##### Data in this exercise #####
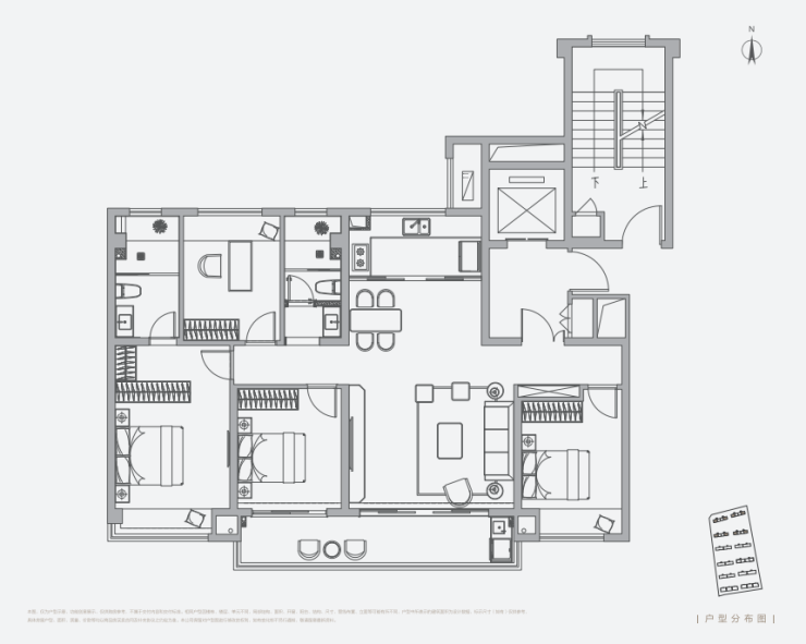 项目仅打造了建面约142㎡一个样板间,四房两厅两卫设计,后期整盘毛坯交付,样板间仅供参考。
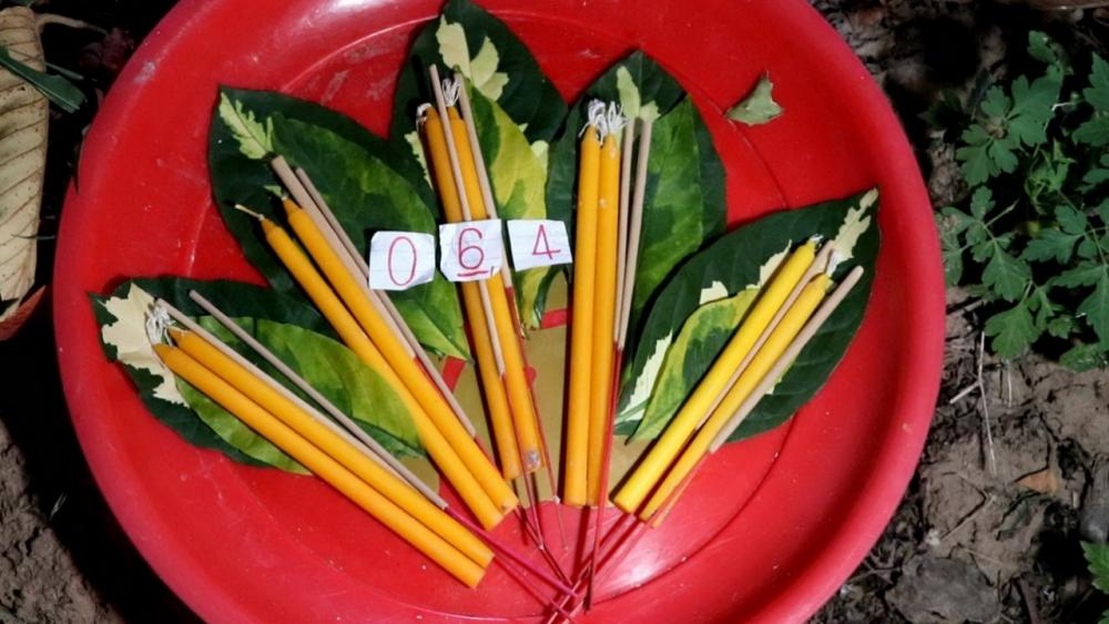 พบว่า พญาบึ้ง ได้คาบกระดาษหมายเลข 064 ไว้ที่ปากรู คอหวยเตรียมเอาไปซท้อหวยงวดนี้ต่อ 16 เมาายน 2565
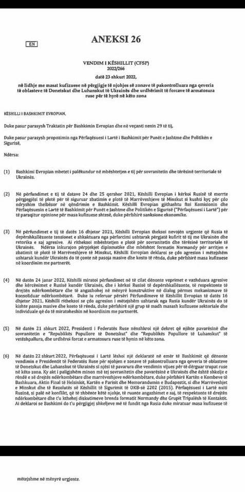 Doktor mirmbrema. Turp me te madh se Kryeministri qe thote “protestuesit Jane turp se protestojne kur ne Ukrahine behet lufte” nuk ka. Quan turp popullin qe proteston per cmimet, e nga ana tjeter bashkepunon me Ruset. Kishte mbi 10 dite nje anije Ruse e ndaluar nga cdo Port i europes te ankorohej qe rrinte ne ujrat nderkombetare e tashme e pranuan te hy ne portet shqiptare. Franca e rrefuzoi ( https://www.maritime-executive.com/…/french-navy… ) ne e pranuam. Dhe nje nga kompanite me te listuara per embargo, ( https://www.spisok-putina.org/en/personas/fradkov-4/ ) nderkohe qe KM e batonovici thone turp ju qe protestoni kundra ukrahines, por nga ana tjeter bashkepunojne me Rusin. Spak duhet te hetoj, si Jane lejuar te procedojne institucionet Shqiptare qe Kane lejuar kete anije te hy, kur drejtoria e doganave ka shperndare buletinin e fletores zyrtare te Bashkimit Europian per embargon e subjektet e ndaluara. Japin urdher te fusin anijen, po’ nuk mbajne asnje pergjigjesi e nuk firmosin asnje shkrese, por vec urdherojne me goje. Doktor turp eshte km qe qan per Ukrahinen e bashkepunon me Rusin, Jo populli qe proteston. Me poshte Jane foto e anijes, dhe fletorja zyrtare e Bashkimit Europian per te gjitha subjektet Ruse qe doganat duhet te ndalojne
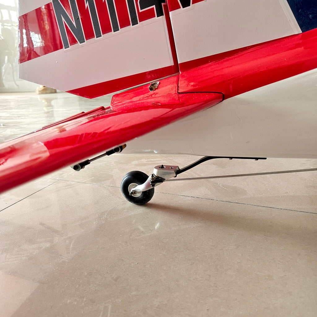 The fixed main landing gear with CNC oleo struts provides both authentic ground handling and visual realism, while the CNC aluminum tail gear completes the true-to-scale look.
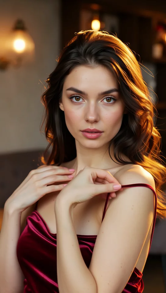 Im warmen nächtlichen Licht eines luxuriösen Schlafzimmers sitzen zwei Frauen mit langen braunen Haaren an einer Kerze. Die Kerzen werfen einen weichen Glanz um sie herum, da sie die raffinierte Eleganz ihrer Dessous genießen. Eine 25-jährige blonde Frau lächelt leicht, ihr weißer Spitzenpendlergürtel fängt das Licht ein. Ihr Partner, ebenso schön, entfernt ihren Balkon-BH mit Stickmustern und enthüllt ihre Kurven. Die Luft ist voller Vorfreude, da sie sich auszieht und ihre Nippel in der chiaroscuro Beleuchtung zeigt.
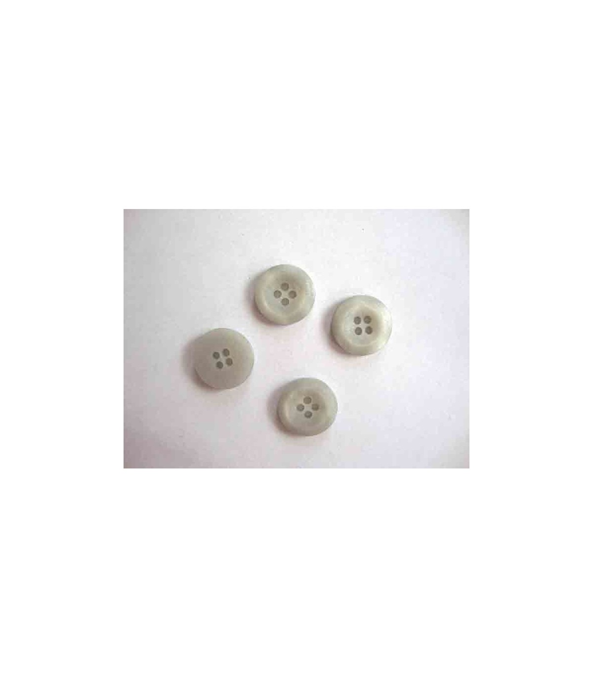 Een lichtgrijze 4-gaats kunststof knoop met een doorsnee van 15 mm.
#####
Task details –
Above are records to transcribe exactly; leave their pictures out.

Response to the task –
 项目仅打造了建面约142㎡一个样板间,四房两厅两卫设计,后期整盘毛坯交付,样板间仅供参考。
 พบว่า พญาบึ้ง ได้คาบกระดาษหมายเลข 064 ไว้ที่ปากรู คอหวยเตรียมเอาไปซท้อหวยงวดนี้ต่อ 16 เมาายน 2565
 Doktor mirmbrema. Turp me te madh se Kryeministri qe thote “protestuesit Jane turp se protestojne kur ne Ukrahine behet lufte” nuk ka. Quan turp popullin qe proteston per cmimet, e nga ana tjeter bashkepunon me Ruset. Kishte mbi 10 dite nje anije Ruse e ndaluar nga cdo Port i europes te ankorohej qe rrinte ne ujrat nderkombetare e tashme e pranuan te hy ne portet shqiptare. Franca e rrefuzoi ( https://www.maritime-executive.com/…/french-navy… ) ne e pranuam. Dhe nje nga kompanite me te listuara per embargo, ( https://www.spisok-putina.org/en/personas/fradkov-4/ ) nderkohe qe KM e batonovici thone turp ju qe protestoni kundra ukrahines, por nga ana tjeter bashkepunojne me Rusin. Spak duhet te hetoj, si Jane lejuar te procedojne institucionet Shqiptare qe Kane lejuar kete anije te hy, kur drejtoria e doganave ka shperndare buletinin e fletores zyrtare te Bashkimit Europian per embargon e subjektet e ndaluara. Japin urdher te fusin anijen, po’ nuk mbajne asnje pergjigjesi e nuk firmosin asnje shkrese, por vec urdherojne me goje. Doktor turp eshte km qe qan per Ukrahinen e bashkepunon me Rusin, Jo populli qe proteston. Me poshte Jane foto e anijes, dhe fletorja zyrtare e Bashkimit Europian per te gjitha subjektet Ruse qe doganat duhet te ndalojne
 The fixed main landing gear with CNC oleo struts provides both authentic ground handling and visual realism, while the CNC aluminum tail gear completes the true-to-scale look.
 Im warmen nächtlichen Licht eines luxuriösen Schlafzimmers sitzen zwei Frauen mit langen braunen Haaren an einer Kerze. Die Kerzen werfen einen weichen Glanz um sie herum, da sie die raffinierte Eleganz ihrer Dessous genießen. Eine 25-jährige blonde Frau lächelt leicht, ihr weißer Spitzenpendlergürtel fängt das Licht ein. Ihr Partner, ebenso schön, entfernt ihren Balkon-BH mit Stickmustern und enthüllt ihre Kurven. Die Luft ist voller Vorfreude, da sie sich auszieht und ihre Nippel in der chiaroscuro Beleuchtung zeigt.
 Een lichtgrijze 4-gaats kunststof knoop met een doorsnee van 15 mm.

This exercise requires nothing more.